His debut film Tingya is the toast of the festival circuit and headed for Cannes this summer. For Mangesh Hadawale—a farmer’s son and a one-man theatre troupe—this is just the beginning.
I meet mangesh hadawale at his one-room flat in the fishermen colony of Mahim in Mumbai. This urban ghetto is similar to the rural world he hails from, in its laziness, open spaces, colourful but crumbling hutments and a huge banyan tree under which men, dogs, kids and travellers enjoy an afternoon siesta. A strange address for someone who is the latest toast of the Indian film festival circuit. Hadawale’s directorial debut, Tingya, a Marathi film on a boy’s relationship with his ailing bull told in the backdrop of farmer suicides in Maharashtra, is heading for the Cannes showcase this summer after having pipped Taare Zameen Par and Chak De! India to the Best Film award at the 10th Mumbai Academy of the Moving Image (MAMI) film festival held in Mumbai recently.
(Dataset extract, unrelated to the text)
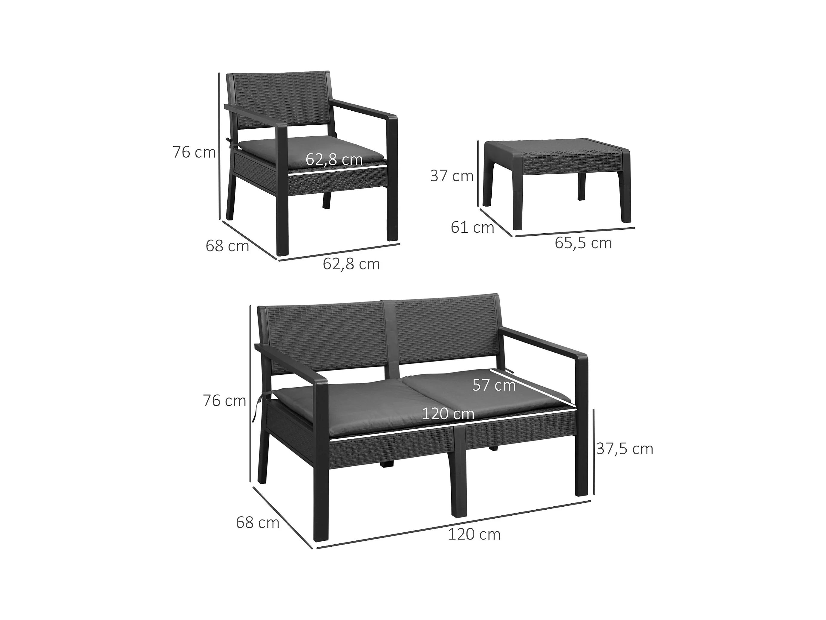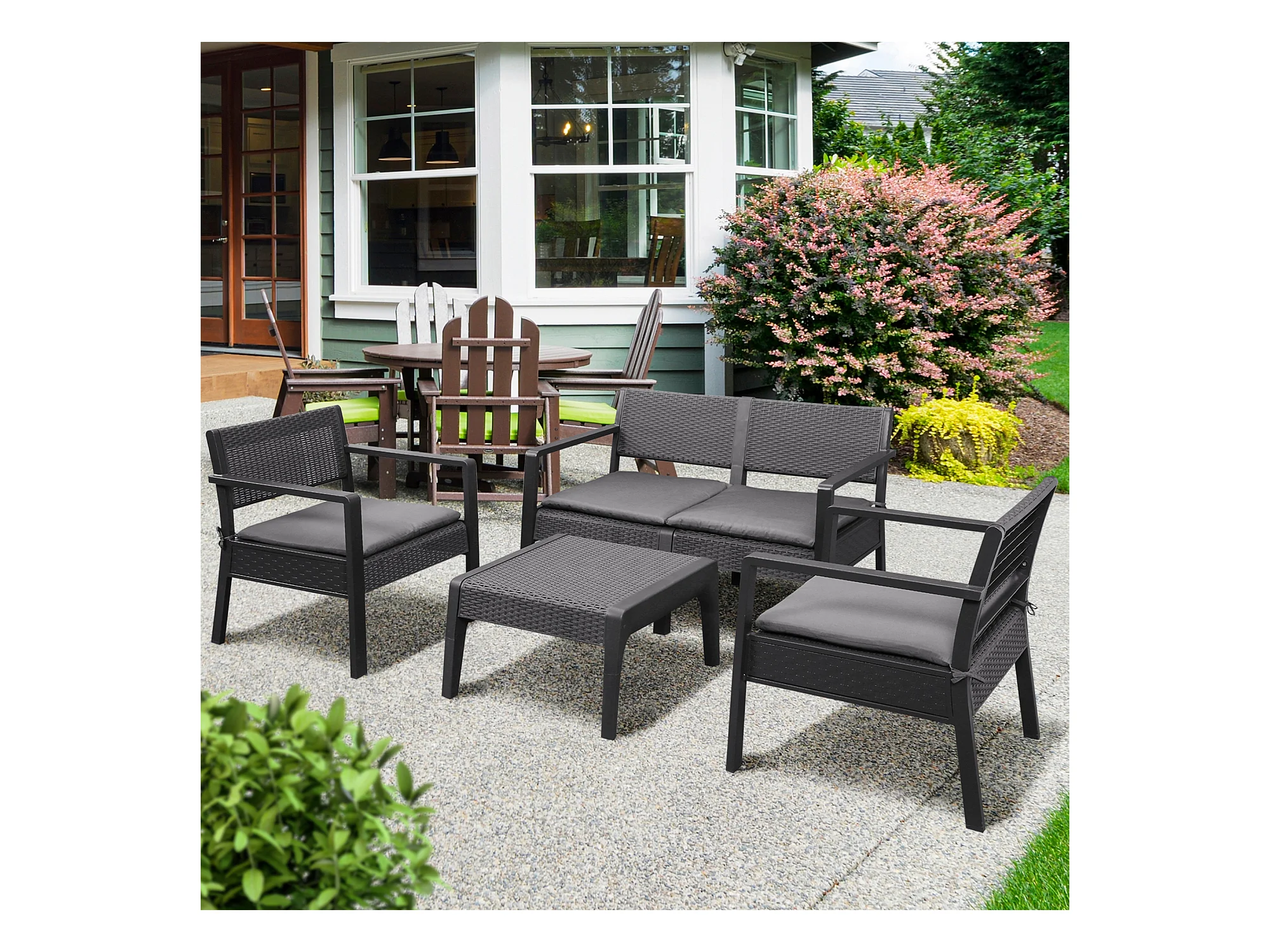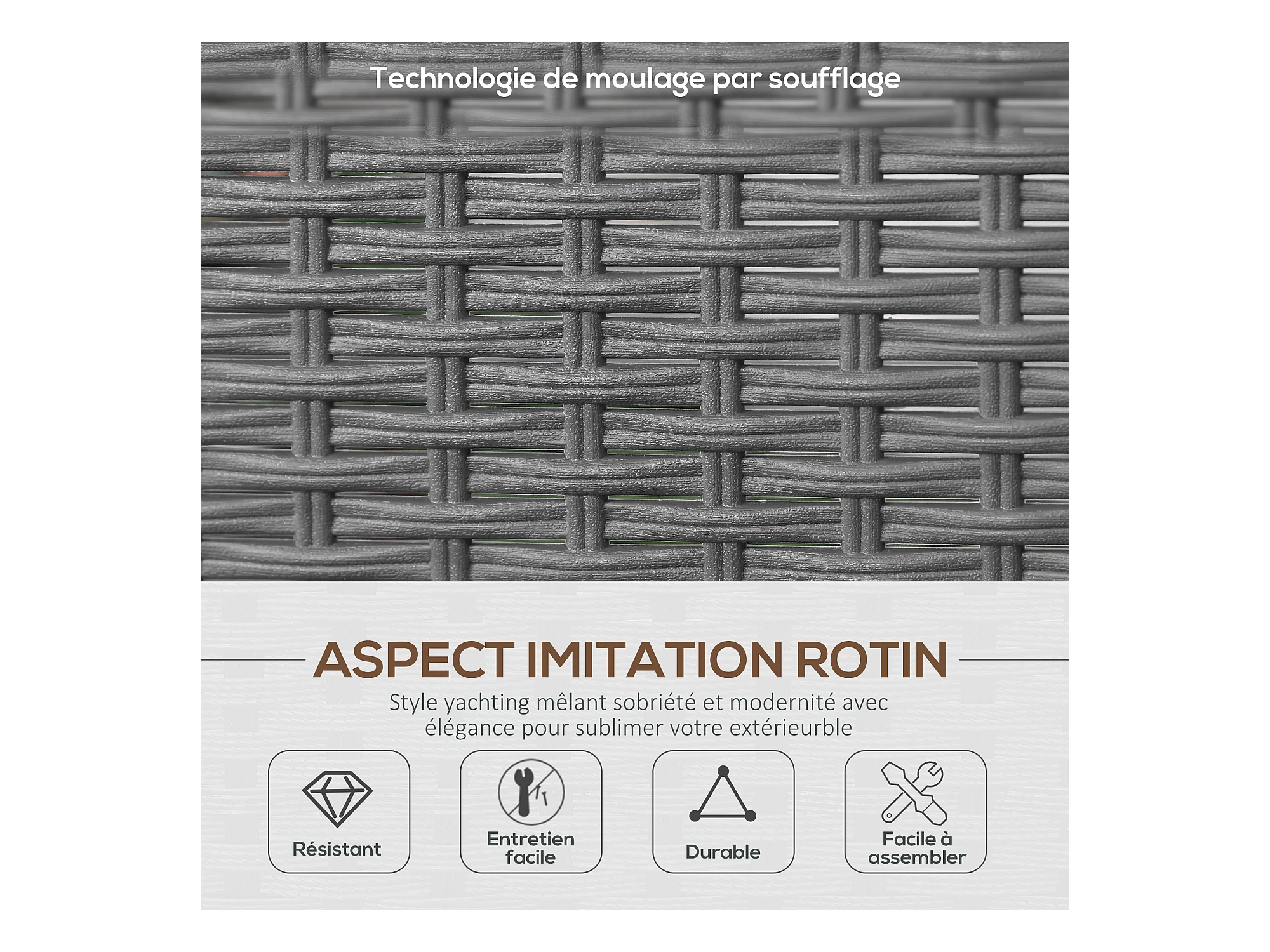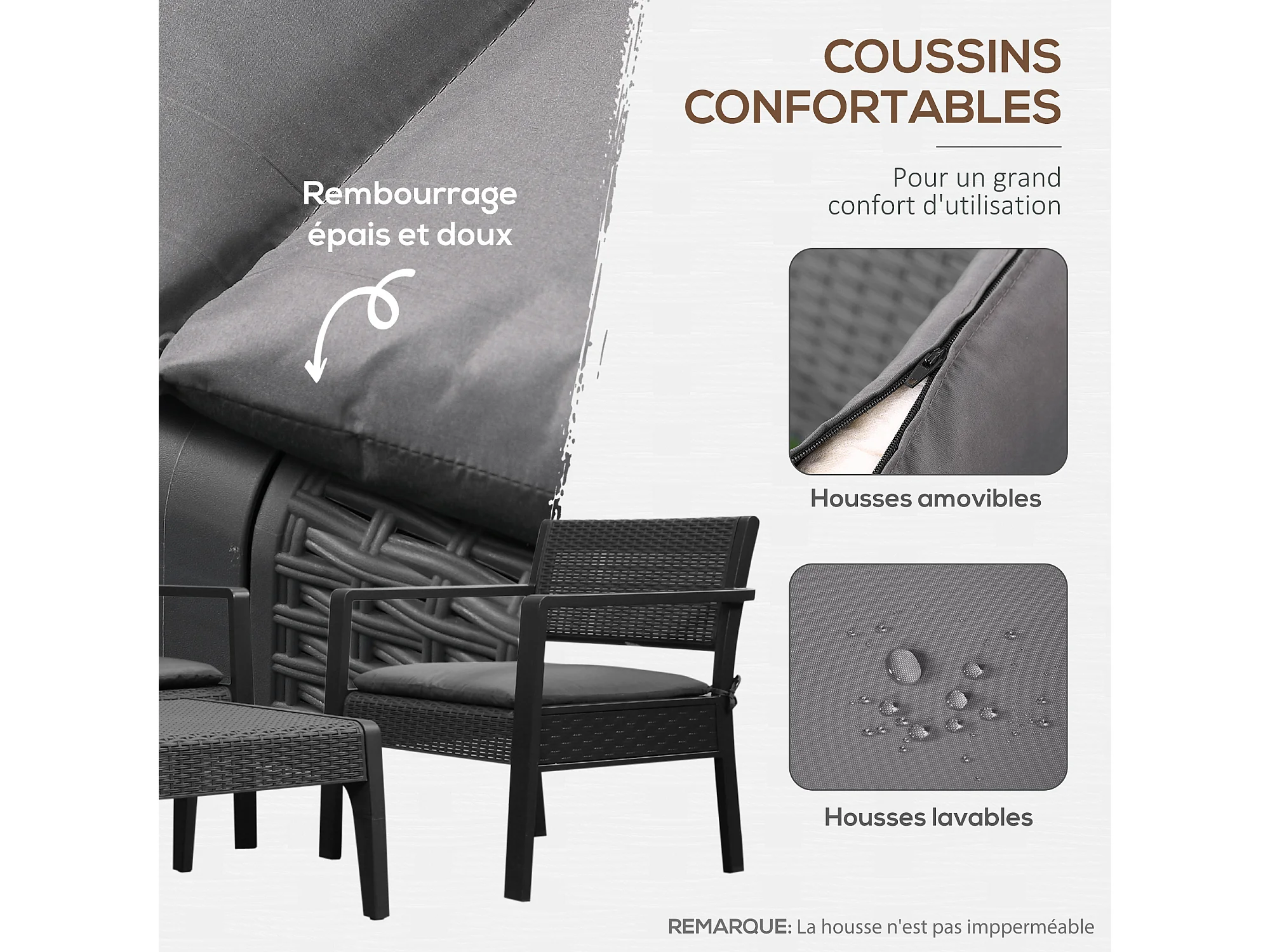 Ensemble salon de jardin 4 places 4 pièces design style yachting coussins déhoussables inclus table basse métal époxy résine tressée anthracite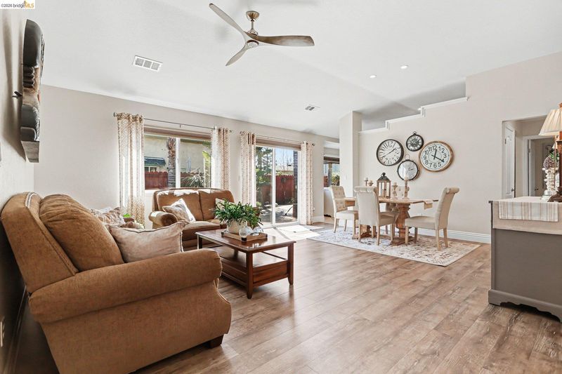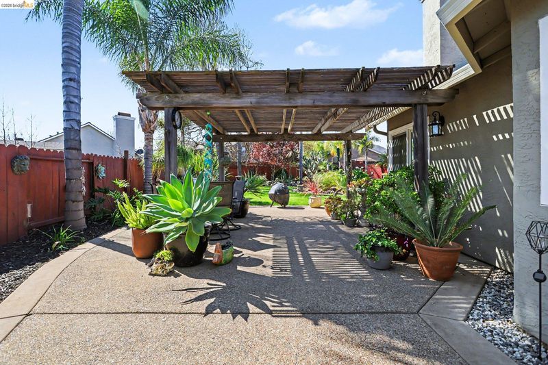 Welcome to this beautifully updated single-story home located on a quiet cul-de-sac in the desirable Vintage Parkway neighborhood. This light and bright 3-bedroom, 2-bath home offers 1,492 sq ft of living space on an expansive 8,255 sq ft lot and includes a spacious 2-car garage. Extensively updated in 2020, the home features designer bathrooms, new interior doors, trim and baseboards, fresh paint, new windows, 2” blinds, and new flooring throughout most of the home. The kitchen includes upgraded cabinetry, granite countertops, tile flooring, and updated appliances. The inviting family room features a cozy fireplace. The primary suite offers a sliding glass door to the backyard and a private pergola with a fan. The park-like backyard showcases mature landscaping and a tranquil koi pond, while the side yard includes a workshop. The 2-car garage also features built-in shelving for additional storage. Major upgrades include a newer roof (2017) and HVAC system (2018). Conveniently located within walking distance to downtown Oakley, Big Break Regional Trails, and Vintage Elementary School, with easy freeway access for commuting.

“Mujhe apni fakiri ka na koi dar hai na afsos hai,” begins the 28-year-old as he gamely climbs up the banyan trunk for a photo shoot. “I live the life of a free bird. Yesterday, I was roaming in the forests of my village Rajuri (90 km from Pune), listening to the songs of Aandhi under a starry sky. It was bliss. Today, I am in Mumbai to address a press conference before Tingya’s theatrical release this Friday. Next month, I will be in Naples at a festival showcasing the film. I prefer unpredictability,” he says.